__Material provided__:
※
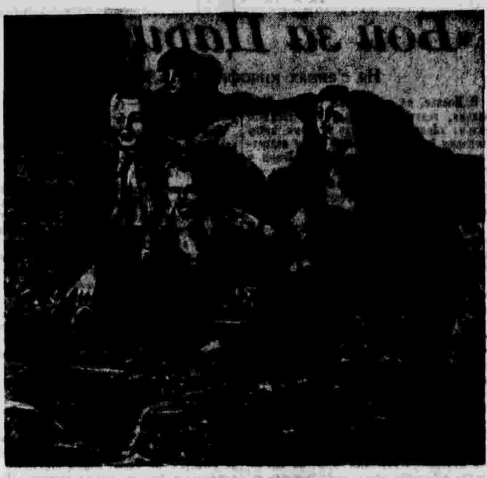
Беженцы из районов Чехословакии, оккупированных германскими фашистами, в местечке Штетти, близ г. Мальник.

«Утром 30 сентября можно было думать, что мир установлен, и я хотел, чтобы эта дата была ознаменована соответствующим образом. Увы! Последующие часы показали, какой ценой был куплен так называемый «мир»: ценой отказа от наиболее священных прав и ценой расчленения нашего дорогого союзника. Может ли в таких условиях стоять вопрос об ознаменовании даты, которая является для нас несчастьем и позором?».
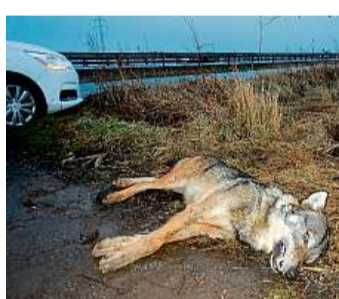
Na konci cesty Vlk z Bavorska.

Vlk k nám přišel z Bavorska pravděpodobně sám, předtím se pohyboval také v Rakousku. „Podle genetické analýzy jde zřejmě o zvíře, které pochází z alpské populace vlků. Byl to cestovatel, který si hledal teritorium a partnerku,“ řekl MF DNES Šafař, podle kterého se
※
Set down the complete material exactly, but do not include the images.

Беженцы из районов Чехословакии, оккупированных германскими фашистами, в местечке Штетти, близ г. Мальник.

«Утром 30 сентября можно было думать, что мир установлен, и я хотел, чтобы эта дата была ознаменована соответствующим образом. Увы! Последующие часы показали, какой ценой был куплен так называемый «мир»: ценой отказа от наиболее священных прав и ценой расчленения нашего дорогого союзника. Может ли в таких условиях стоять вопрос об ознаменовании даты, которая является для нас несчастьем и позором?».
Na konci cesty Vlk z Bavorska.

Vlk k nám přišel z Bavorska pravděpodobně sám, předtím se pohyboval také v Rakousku. „Podle genetické analýzy jde zřejmě o zvíře, které pochází z alpské populace vlků. Byl to cestovatel, který si hledal teritorium a partnerku,“ řekl MF DNES Šafař, podle kterého se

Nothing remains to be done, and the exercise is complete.